A new “diffuse hotel” scattered across several buildings in Bisaccia’s old center offers visitors an opportunity to get the feel of the town’s dead and alive vibe.
Beyond the town, Bisaccia boasts a unique location that allows for spectacular day trips. It straddles the border of three of Italy’s southern regions: Campania, Basilicata and Puglia. Naples and the UNESCO World Heritage site of Matera are both nearby. “Our folklore and traditions are the product of a picturesque contamination between regions, we celebrate Carnival with local masks and have a variety of fairs and foods that embrace all regional traits,” says Tartaglia. “It’s like getting the best of three regions in one single place.”
In the past the town’s isolated hills were a perfect hideout for bandits from the middle ages to the end of the 1800s, but they’ve also served as a retreat for rulers. Emperor Frederick II, known as the “enlightened one” for his advancement in arts and sciences, loved to hunt in the woods in the 13th century.
Each year a festival featuring actors in costume recreate the emperor’s time in the town, while at Christmas the living nativity scene draws hundreds of fascinated visitors.
The countryside offers trekking tours along old shepherd trails amid pristine nature and deep silence.
Hikers can discover Bisaccia’s other districts scattered across the prairies and far from the town center.

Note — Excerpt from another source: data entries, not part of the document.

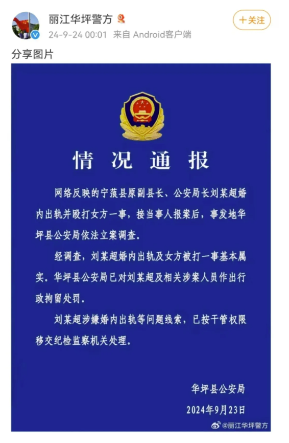 9月24日0时,丽江市华坪县公安局微博发布情况通报,详情如下:
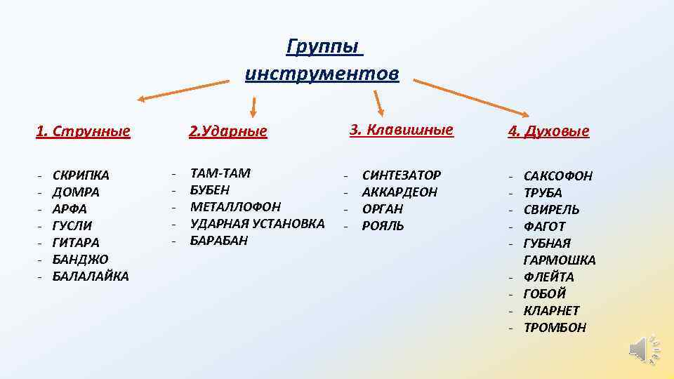 Группы инструментов - СКРИПКА ДОМРА АРФА ГУСЛИ ГИТАРА БАНДЖО БАЛАЛАЙКА 3. Клавишные 2. Ударные 1. Струнные - ТАМ-ТАМ БУБЕН МЕТАЛЛОФОН УДАРНАЯ УСТАНОВКА БАРАБАН - СИНТЕЗАТОР АККАРДЕОН ОРГАН РОЯЛЬ 4. Духовые - САКСОФОН ТРУБА СВИРЕЛЬ ФАГОТ ГУБНАЯ ГАРМОШКА ФЛЕЙТА ГОБОЙ КЛАРНЕТ ТРОМБОН
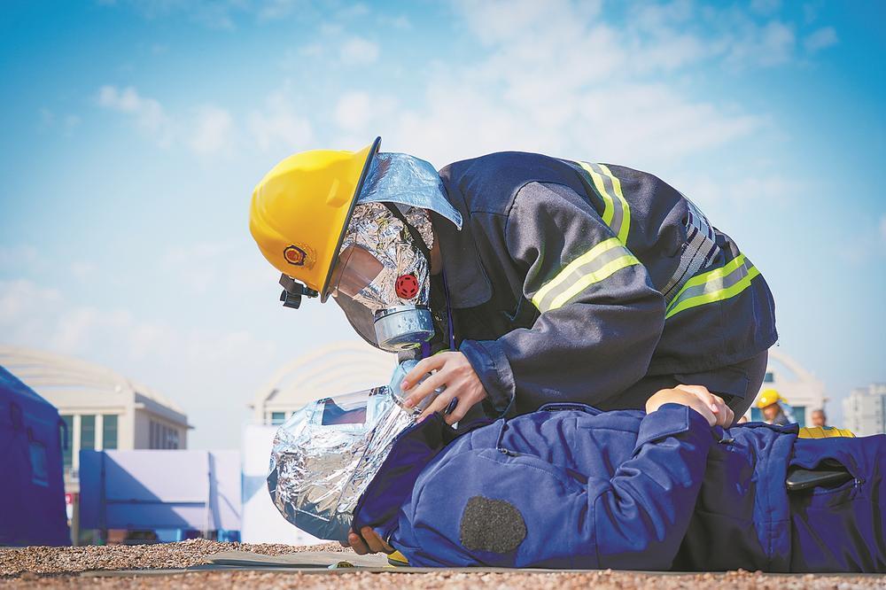 竞赛设置灭火救援、防火巡查、消防宣传实用技能等实战技能项目,综合考验了各乡镇队伍消防安全管理经验和应急处置技能。图为消防员为模拟伤员佩戴逃生面罩。 福建日报见习记者 李子衡 摄
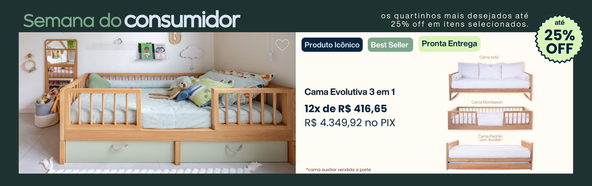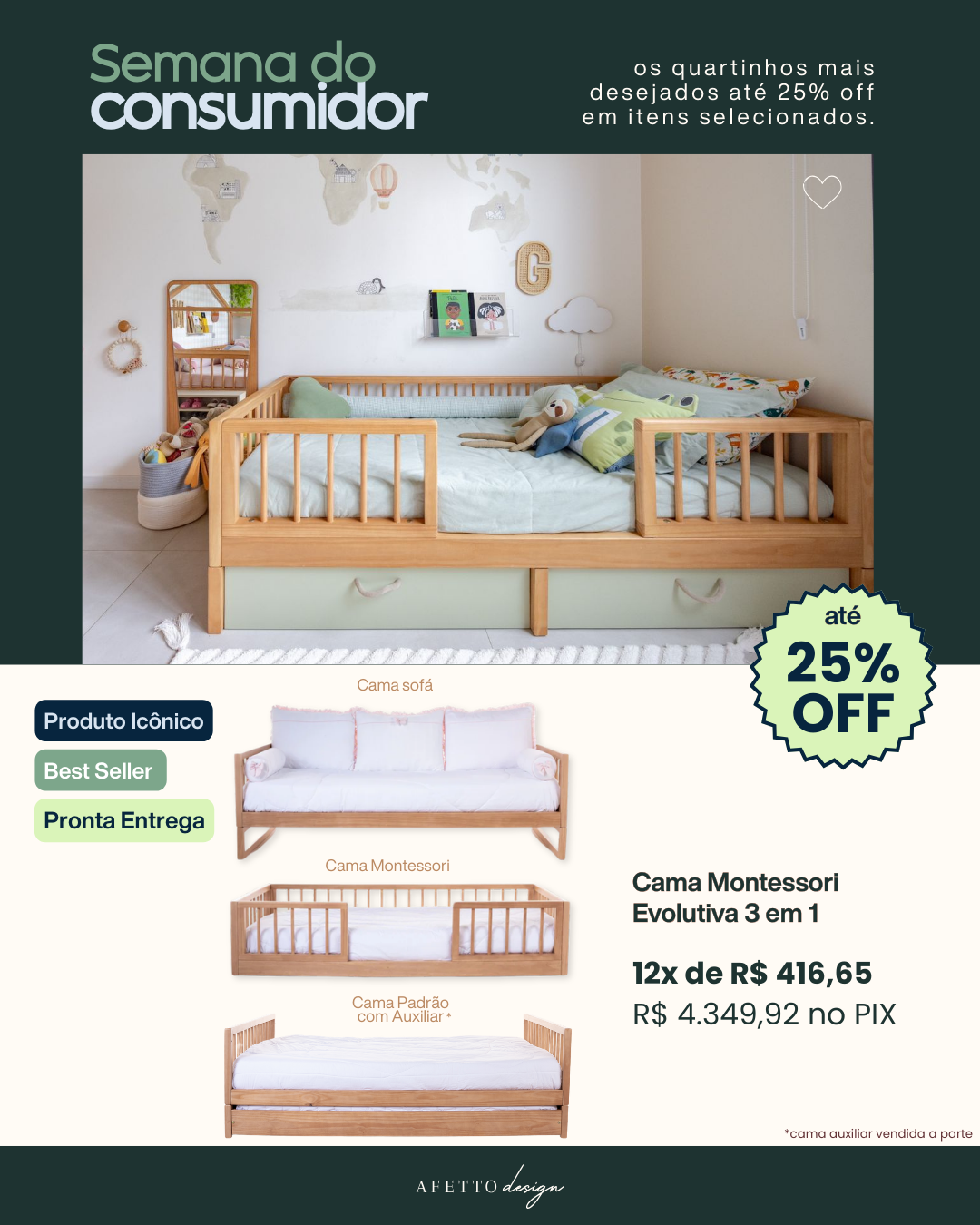 Cama Montessoriana Evolutiva – Design 3 em 1
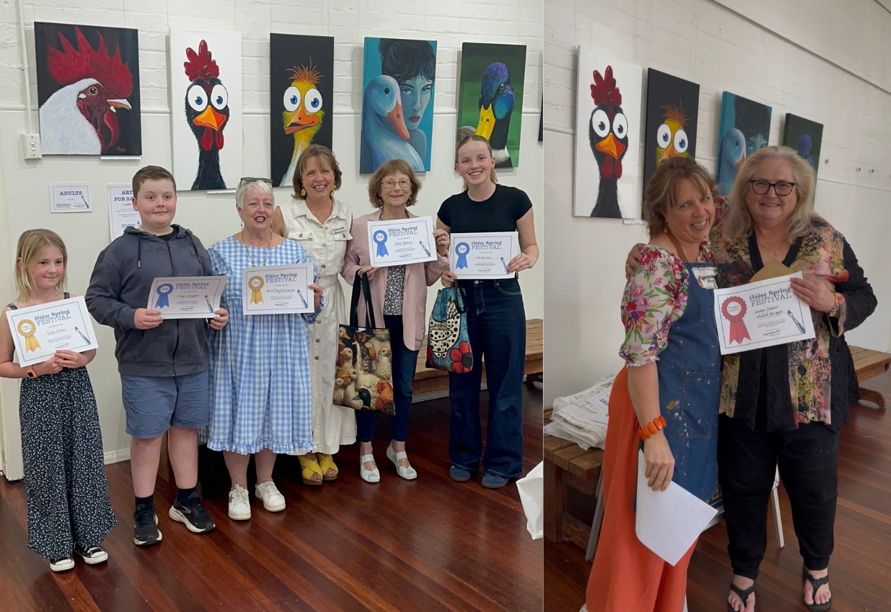 Winners of the category awards included: in the primary school age group, Owynn Naughten with a painting titled The Wise Duck; in the teenage category, Isla Downes (winning for the second year in a row) with Sea-saw and Yo-yo; and in the adult category, Anne Geenen with Henny Penny.
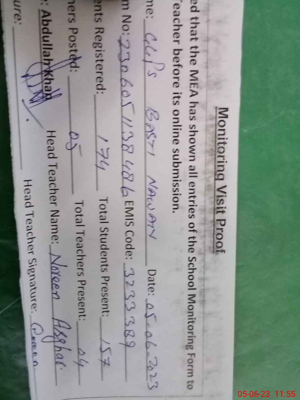 | Name: NO**** AS**** Designation: (School Headmaster's/Headmistress's) PST Phone/Cell Number: 03**** |

One rural ghost hamlet called Borgo Oscata, where just 20 people live, is already being brought back from the grave. “We’re working on a major restyle project to turn this microcosm into a tourist retreat where visitors can experience the farmer lifestyle,” says Tartaglia.
An idyllic, bucolic setting comes of course with great food and protein-rich gourmet menus.
Delicacies include lamb specialties and pots of fried meats, potatoes and sweet peppers served during the local annual “Fry Fair.”
Bisaccia is also a kingdom of colorful pasta shapes. Treidde are handmade twisted pasta while li marcannale are thick spaghetti. Li Cauzungièdde are ricotta-filled ravioli, vrecchièdde ear-shaped short pasta served with meat ragù sauce and laene is tagliatelle cooked with beans.
Struffoli is a cake made with tiny fried dough balls covered in honey, while squarcella is an Easter cookie with icing. Cheese specialties include tear-drop caciocavallo and pecorino made with sheep milk. Bisaccia’s premium cold cut is the so-called soppressata, a thick greasy sausage made with lard, hot chilis and spices.